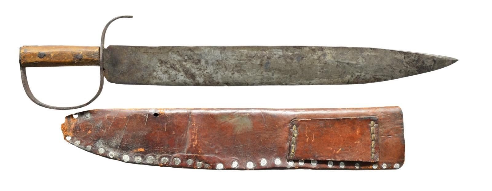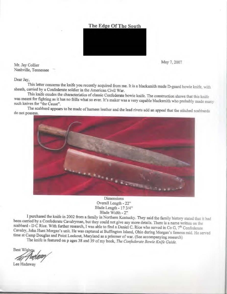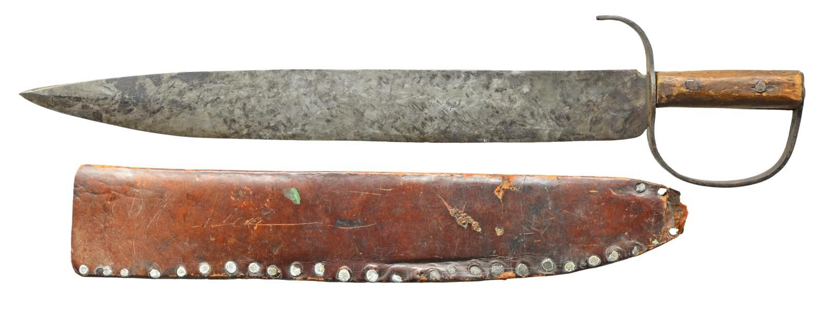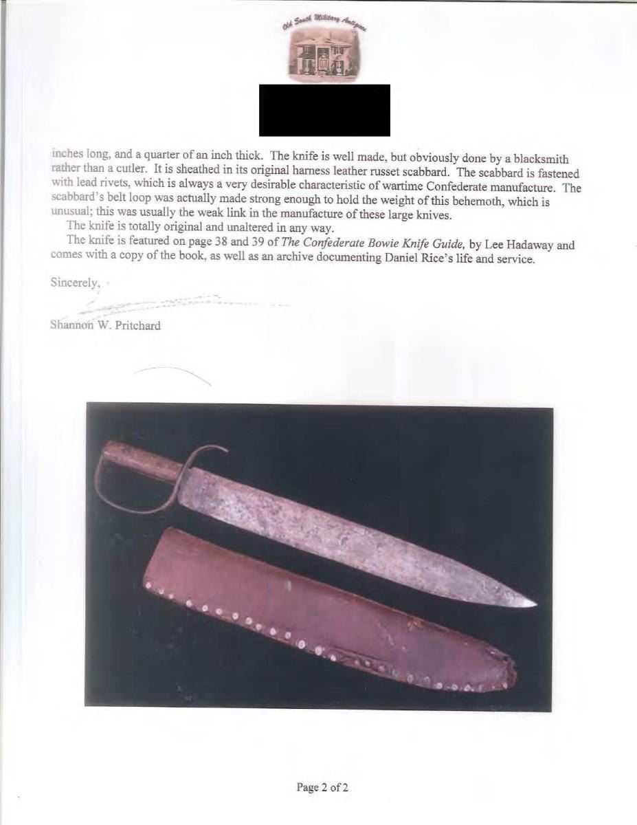 DANIEL C. RICE, 7TH KENTUCKY CAVALRY, JOHN HUNT MORGAN’S COMMAND. Classic massive Confederate D-guard, 17.75" blade, 2" wide, .3" thick. This is a big knife made for only one purpose, “kill Yankees”. Knife has been well preserved in wonderful “as-found” condition including classic lead riveted leather scabbard inscribed “D. C. Rice”. This knife was found in Northern Kentucky in 2002 & the family only knew that it belonged to a Confederate Cavalryman. There are 2 Confederate cavalrymen w/ same initials & last name, one in the 27th Texas Cavalry (David C. Rice) & another in 7th & 11Th Kentucky Cavalry which was recruited in Kentucky, so most likely this was Daniel C Rice’s knife. UNATTACHED ACCESSORIES: binder containing 2 letters of provenance from Shannon Pritchard & Lee Hadaway. The "Confederate Bowie Knife Guide" by Lee Hadaway 2004. The knife is pictured & described on pages 38 & 39 of this text. CONDITION: very good overall, blade retains original tool marks & appears to be as it was originally made, gray w/ scattered staining & light pitting. D-guard is also uncleaned w/ iron patina. 2 Wood slabs forming grip are sound w/ light scuffing, some shrinkage. The original heavy brown leather sheath retains rawhide sewn belt loop w/ name easily discerned. Rivets have lead patina. Last inch of sheath is broken & missing at tip. Exemplary condition for Confederate local made bowie. (02-14830/JS). $5,000-7,000.
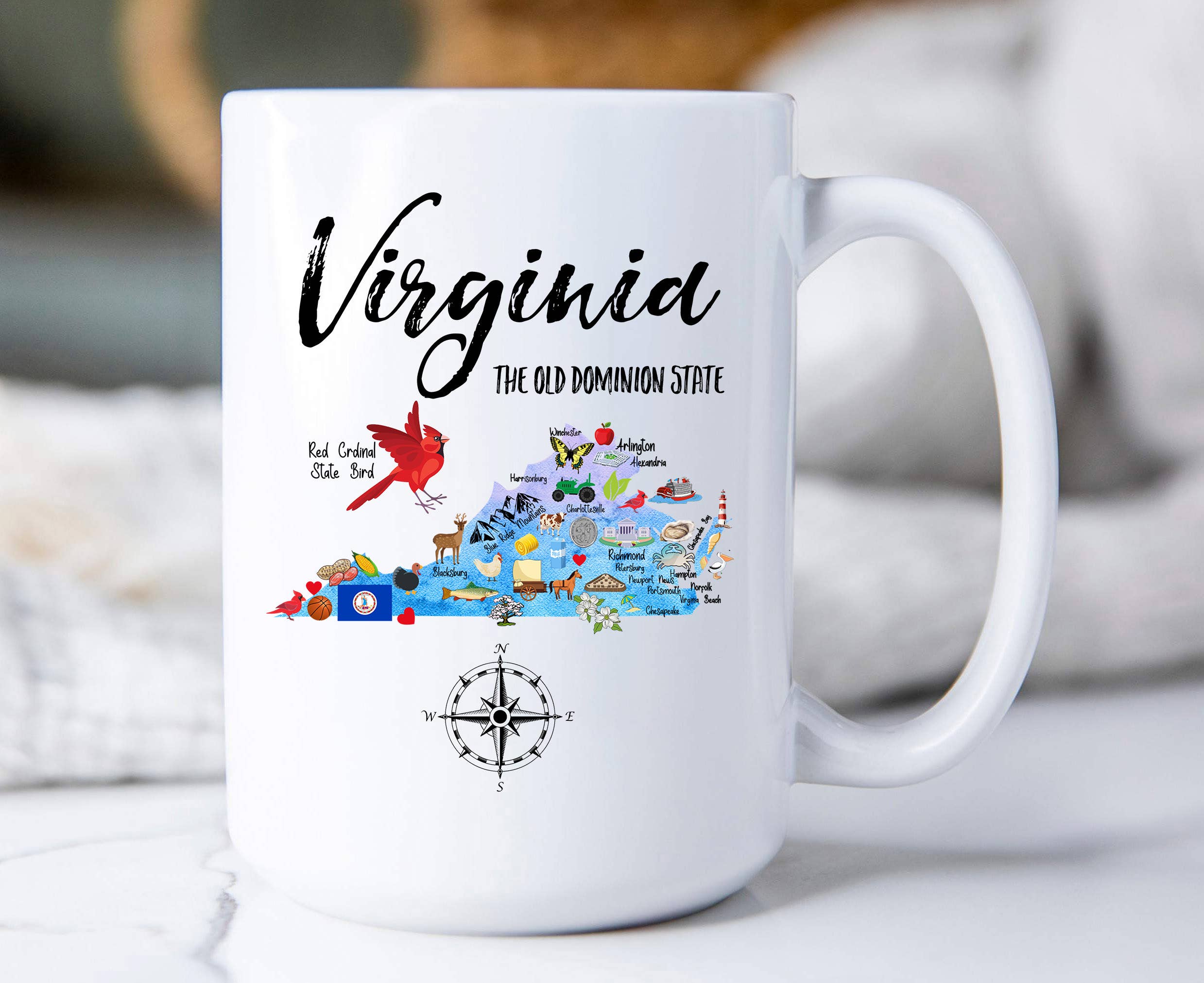 Virginia State Map Souvenir 12 oz Canvas Tote Bag
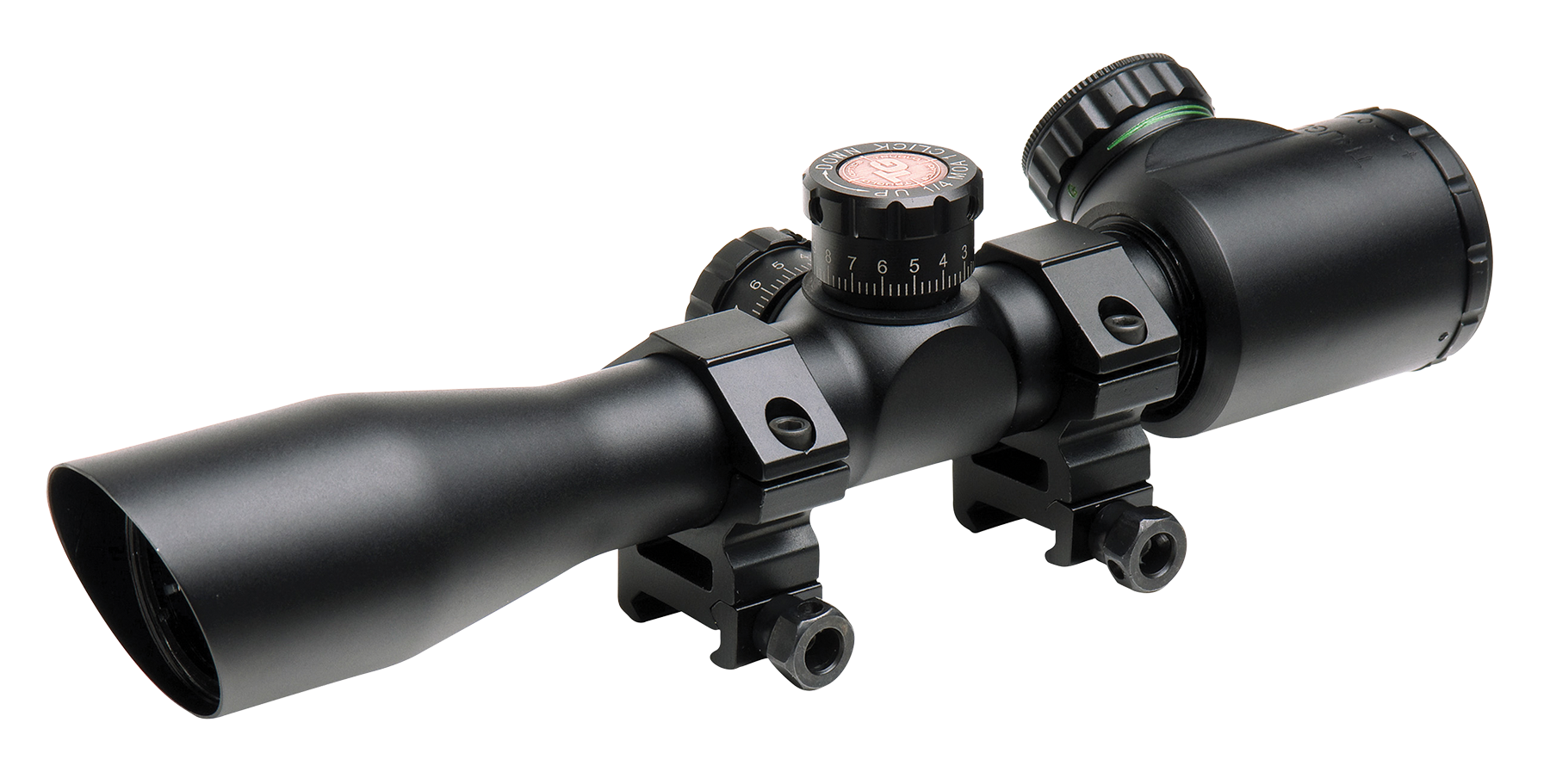 Truglo's tru-brite xtreme compact tactical scope comes with 1" rings for mounting to your accessory rail.Its fully coated lenses provide maximum brightness, clarity and contrast.The fingertip windage and elevation adjustment are under screw down caps and the durable leaf spring is for windage and elevation adjustments.This one piece tube made of aircraft quality aluminum with a durable, scratch resistant, non reflective matte finish.
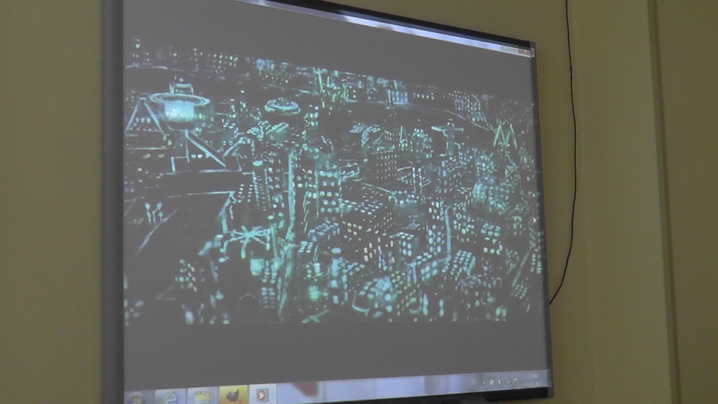 Владимир Селезнев – выпускник художественно-графического факультета, ныне состоявшийся и известный художник, куратор выставок современного искусства. Владимир рассказал о ранних своих проектах, осуществленных им и арт-группой ZerGut некогда на худграфе в рамках дипломной работы. О своих уже профессиональных выставках и проектах, география которых широка – от Екатеринбурга и Москвы до Киля (Германия) и Каннама (часть Сеула, Южная Корея). Показал самые известные свои работы, например, знаменитый «Метрополис», инсталляцию, которая в темноте кажется ночным городом с его цепочками огней, а в дневном свете предстает грудой мусора. Инсталляция действительно сделана из ненужных, выброшенных вещей. В комнате, где она находится, с периодичностью в несколько секунд включается и выключается свет. И зрители видят то романтический ночной город, то самые бросовые, банальные предметы – пакеты из-под сока, йогурта, пластиковые бутылки и т. д. Причем эти предметы художник собирает сам в тех городах и странах, где он представляет свою работу. «Метрополис» уже был создан для Екатеринбурга, Перми, Казани, Краснодара, Санкт-Петербурга, Москвы, Сеула и других городов. Это очень глубокая, философская вещь. Провокативная художественная форма делает ярче, зримей вопросы о том, что художник волен выбирать для собственного произведения любой материал (медиа, как говорят современные художники), люди творят равно прекрасное (города) и безобразное (мусор), жизни свойственен дуализм, а художник может выступать как исследователь-урбанист, который изучает городские коммуникации, и археолог, восстанавливающий облик культуры по бытовым отходам.
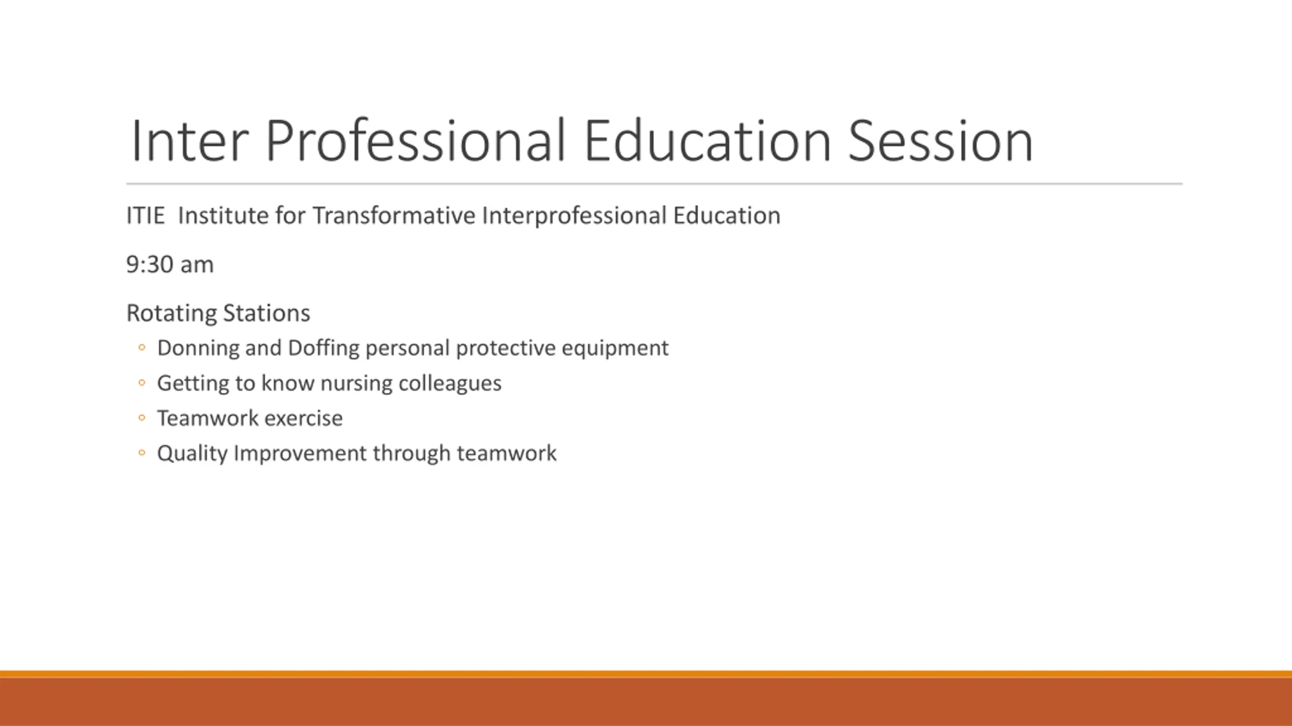 Inter Professional Education Session ITIE Institute for Transformative Interprofessional Education 9:30 am Rotating Stations Donning and Doffing personal protective equipment Getting to know nursing colleagues Teamwork exercise Quality Improvement through teamwork
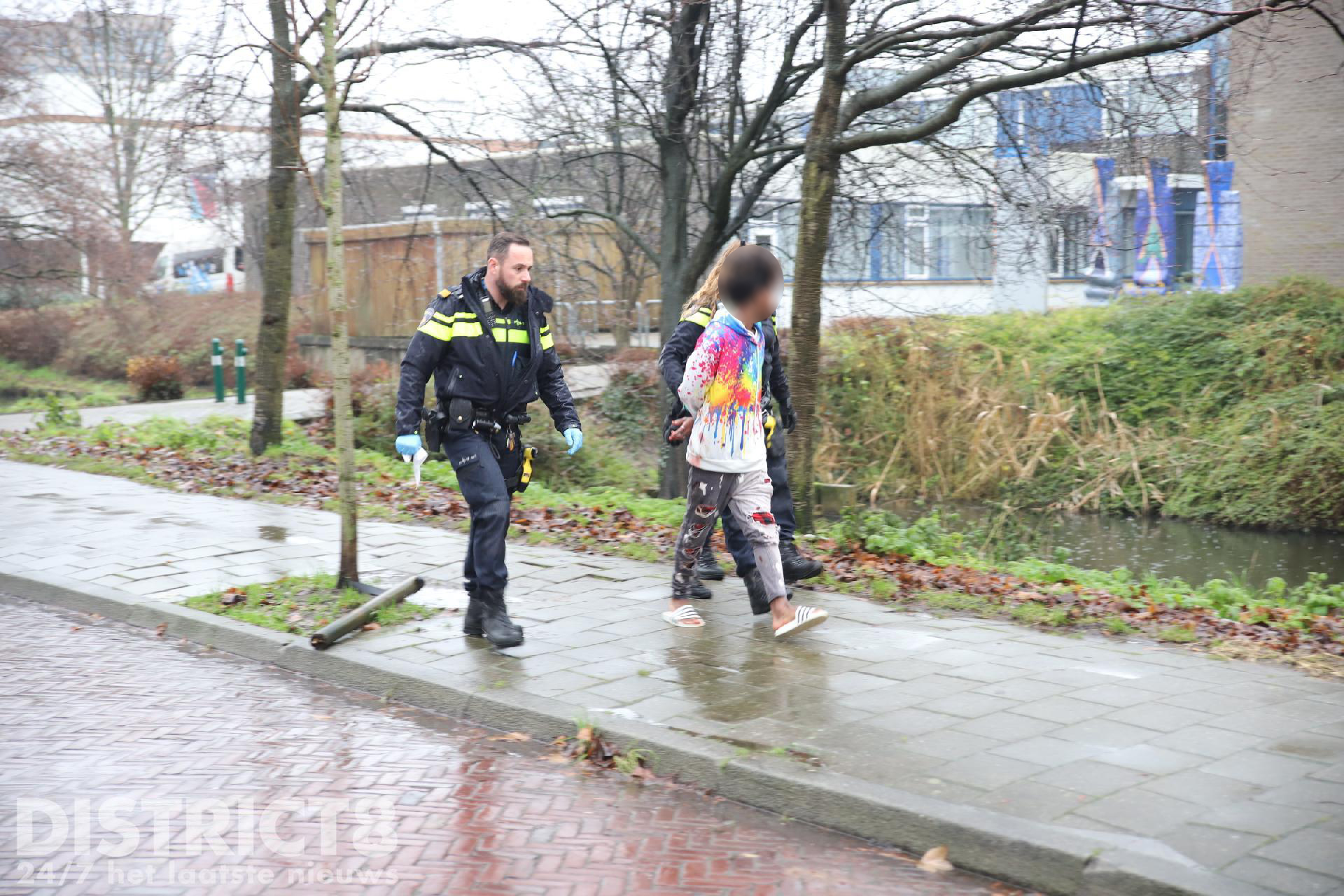 De politie kon bij aankomst al snel een verdachte aanhouden. Deze is te voet overgebracht naar het politiebureau.

▶ What needs to be done: Reproduce each entry exactly, without the pictures.

▶ Exercise solution:
 DANIEL C. RICE, 7TH KENTUCKY CAVALRY, JOHN HUNT MORGAN’S COMMAND. Classic massive Confederate D-guard, 17.75" blade, 2" wide, .3" thick. This is a big knife made for only one purpose, “kill Yankees”. Knife has been well preserved in wonderful “as-found” condition including classic lead riveted leather scabbard inscribed “D. C. Rice”. This knife was found in Northern Kentucky in 2002 & the family only knew that it belonged to a Confederate Cavalryman. There are 2 Confederate cavalrymen w/ same initials & last name, one in the 27th Texas Cavalry (David C. Rice) & another in 7th & 11Th Kentucky Cavalry which was recruited in Kentucky, so most likely this was Daniel C Rice’s knife. UNATTACHED ACCESSORIES: binder containing 2 letters of provenance from Shannon Pritchard & Lee Hadaway. The "Confederate Bowie Knife Guide" by Lee Hadaway 2004. The knife is pictured & described on pages 38 & 39 of this text. CONDITION: very good overall, blade retains original tool marks & appears to be as it was originally made, gray w/ scattered staining & light pitting. D-guard is also uncleaned w/ iron patina. 2 Wood slabs forming grip are sound w/ light scuffing, some shrinkage. The original heavy brown leather sheath retains rawhide sewn belt loop w/ name easily discerned. Rivets have lead patina. Last inch of sheath is broken & missing at tip. Exemplary condition for Confederate local made bowie. (02-14830/JS). $5,000-7,000.
 Virginia State Map Souvenir 12 oz Canvas Tote Bag
 Truglo's tru-brite xtreme compact tactical scope comes with 1" rings for mounting to your accessory rail.Its fully coated lenses provide maximum brightness, clarity and contrast.The fingertip windage and elevation adjustment are under screw down caps and the durable leaf spring is for windage and elevation adjustments.This one piece tube made of aircraft quality aluminum with a durable, scratch resistant, non reflective matte finish.
 Владимир Селезнев – выпускник художественно-графического факультета, ныне состоявшийся и известный художник, куратор выставок современного искусства. Владимир рассказал о ранних своих проектах, осуществленных им и арт-группой ZerGut некогда на худграфе в рамках дипломной работы. О своих уже профессиональных выставках и проектах, география которых широка – от Екатеринбурга и Москвы до Киля (Германия) и Каннама (часть Сеула, Южная Корея). Показал самые известные свои работы, например, знаменитый «Метрополис», инсталляцию, которая в темноте кажется ночным городом с его цепочками огней, а в дневном свете предстает грудой мусора. Инсталляция действительно сделана из ненужных, выброшенных вещей. В комнате, где она находится, с периодичностью в несколько секунд включается и выключается свет. И зрители видят то романтический ночной город, то самые бросовые, банальные предметы – пакеты из-под сока, йогурта, пластиковые бутылки и т. д. Причем эти предметы художник собирает сам в тех городах и странах, где он представляет свою работу. «Метрополис» уже был создан для Екатеринбурга, Перми, Казани, Краснодара, Санкт-Петербурга, Москвы, Сеула и других городов. Это очень глубокая, философская вещь. Провокативная художественная форма делает ярче, зримей вопросы о том, что художник волен выбирать для собственного произведения любой материал (медиа, как говорят современные художники), люди творят равно прекрасное (города) и безобразное (мусор), жизни свойственен дуализм, а художник может выступать как исследователь-урбанист, который изучает городские коммуникации, и археолог, восстанавливающий облик культуры по бытовым отходам.
 Inter Professional Education Session ITIE Institute for Transformative Interprofessional Education 9:30 am Rotating Stations Donning and Doffing personal protective equipment Getting to know nursing colleagues Teamwork exercise Quality Improvement through teamwork
 De politie kon bij aankomst al snel een verdachte aanhouden. Deze is te voet overgebracht naar het politiebureau.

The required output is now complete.